##### MATERIAL FOR THIS EXERCISE

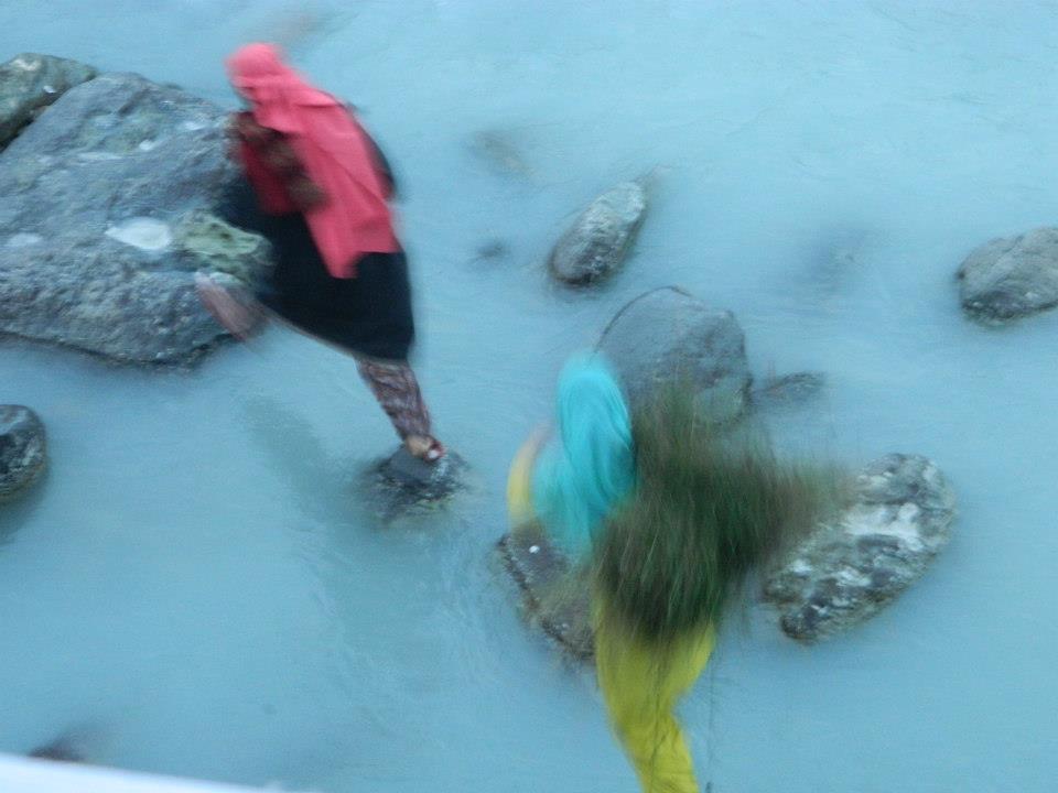 I happened to notice few kashmiri women on my recent trip to Kashmir ..they were just going back home after spending their day in woods, gathering dried wood and fodder for the cattle back home, on their way back home, they have to pass through various rough patches, like down here, they had to cross this really wide and wild river "Lidder", it has huge rocks and wild currents of water flow through it...but these tribal women make their way out of it, they are not bothered by its wildness or flow...they are just fighting a good fight. it may not seem to be significant but I see things through a different prospective, for me every thing is a lesson, this world is a real place to learn every thing you need to learn that will make you a better person.
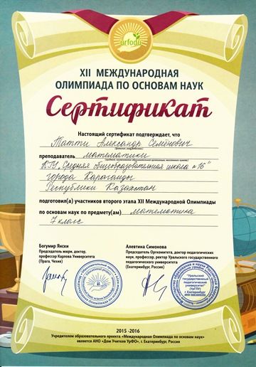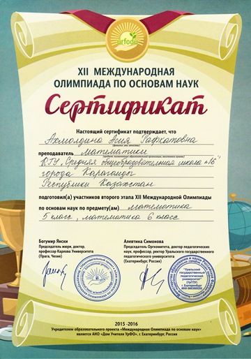 Сертификат выдан ученице 11Б класса Чебан Изабелле, занявшей V место в областной олимпиаде "Эрудит-2016" по предмету химия.
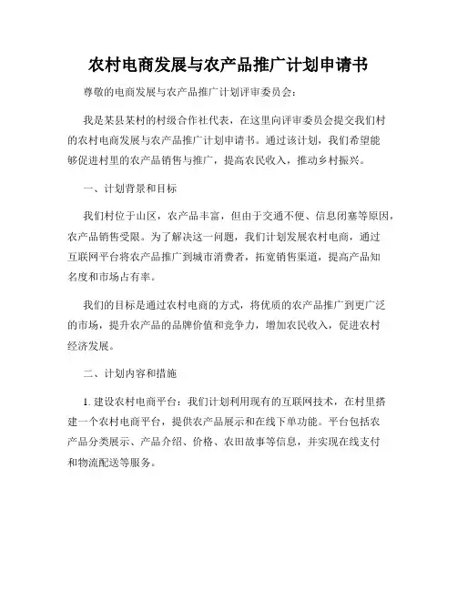 创业扶持申请书开设农村电商平台促进农产品销售尊敬的相关部门:我是××县××乡××村的村民,计划在我所在的农村开设一个电商平台,旨在促进农产品的销售,并为农民提供更多的创业机会。
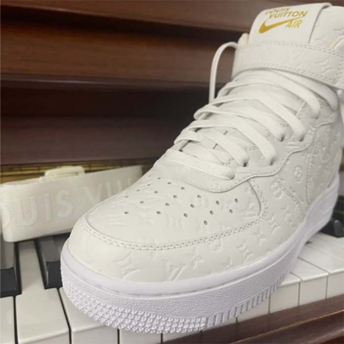 Louis Vuitton LV Unisex Nike Air Force 1 Sneaker Monogram Embossed White Calf LeatherLV shoes
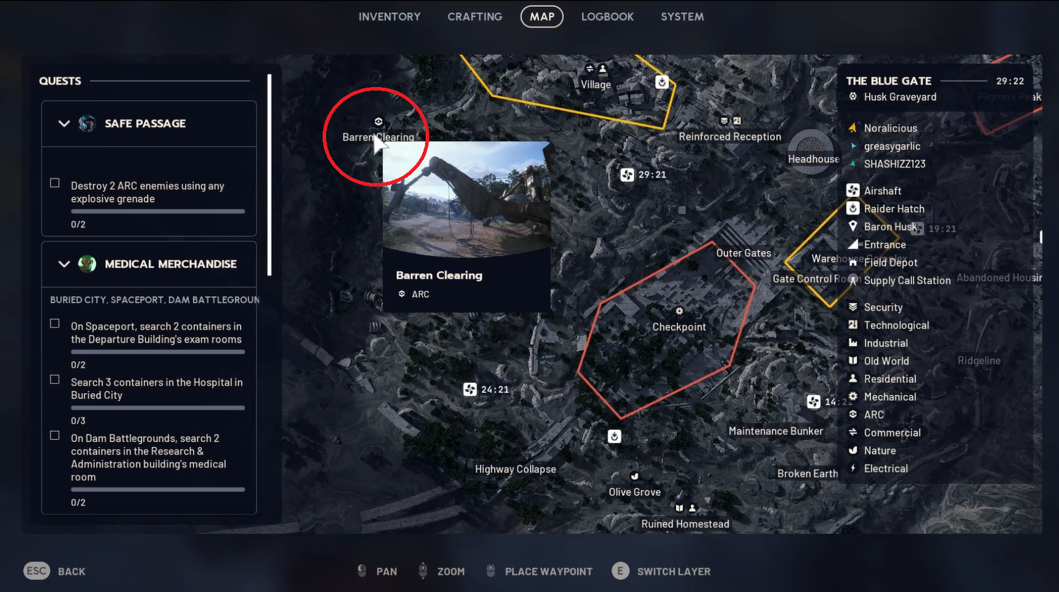 Travel to the Blue Gate region and locate the Barren Clearing marked on your map.

##########

▸ **WORK REQUIRED**
Set down exactly, from the line that contains "Louis Vuitton LV" through the last line of the data, each line as it stands, and leave the pictures out.

▸ **EXERCISE RESPONSE**
 Louis Vuitton LV Unisex Nike Air Force 1 Sneaker Monogram Embossed White Calf LeatherLV shoes
 Travel to the Blue Gate region and locate the Barren Clearing marked on your map.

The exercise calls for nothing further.